COS 182-6 - Teaching foundational quantitative and computational skills to early undergraduates using Jupyter Notebooks

Friday, August 11, 2017: 9:50 AM
C122, Oregon Convention Center
Brian J. Avery, Biology, Westminster College, Salt Lake City, UT and Christine A. Clay, Biology and Environmental Studies, Westminster College, Salt Lake City, UT

As the data that we collect dramatically increases in both quantity and complexity, all college graduates will need more quantitative and computational skills to be productive and successful members of society. Ecology students are no exception. Instructors are often looking for efficient and exciting (or at least non-off-putting) ways to introduce undergraduates early in their careers to the powerful data analysis tools that they will learn and use later, such as the statistical programming language, R, without overwhelming introductory students. Our question was: what is the most accessible and effective framework for teaching quantitative and computational skills in introductory ecology classes that will meet our learning goals and prepare students for continued development in statistics and advanced courses?

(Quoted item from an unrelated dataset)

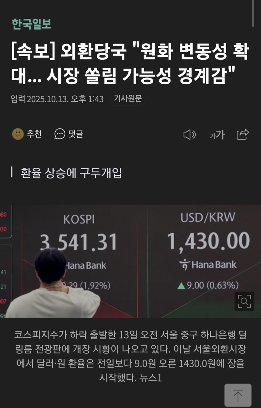 * | [머니] | 변동성 대책... 환율 상승 구두 개입 [3] | 59와썹 | 2025/10/13 |

We have developed inquiry based, active learning materials in Jupyter Notebooks to teach coding and quantitative skills to undergraduate students at several different levels. We will present our materials and discuss our experience using this open source system as an effective and accessible tool to teach quantitative and computational skills in introductory ecology. Our materials address basic calculation and graphing skills, reproducible analysis, and basic statistics using R or Python. We will discuss the advantages of Jupyter Notebooks for teaching and learning over using more basic tools such as Excel or systems with a steep learning curve such as Rstudio. The Jupyter Notebook system is relatively easy to install or use in the cloud, and combines text, code, and output all in one place that is easily exportable to HTML and PDF. It is also easy to guide students through solving scaffolded problems with code that they can adapt and modify, and to evaluate students’ thought processes as they work through everything from simple exercises to complex data analysis projects. We see Jupyter Notebooks as an easily accessible tool to get students at various levels engaged in doing ecological data science.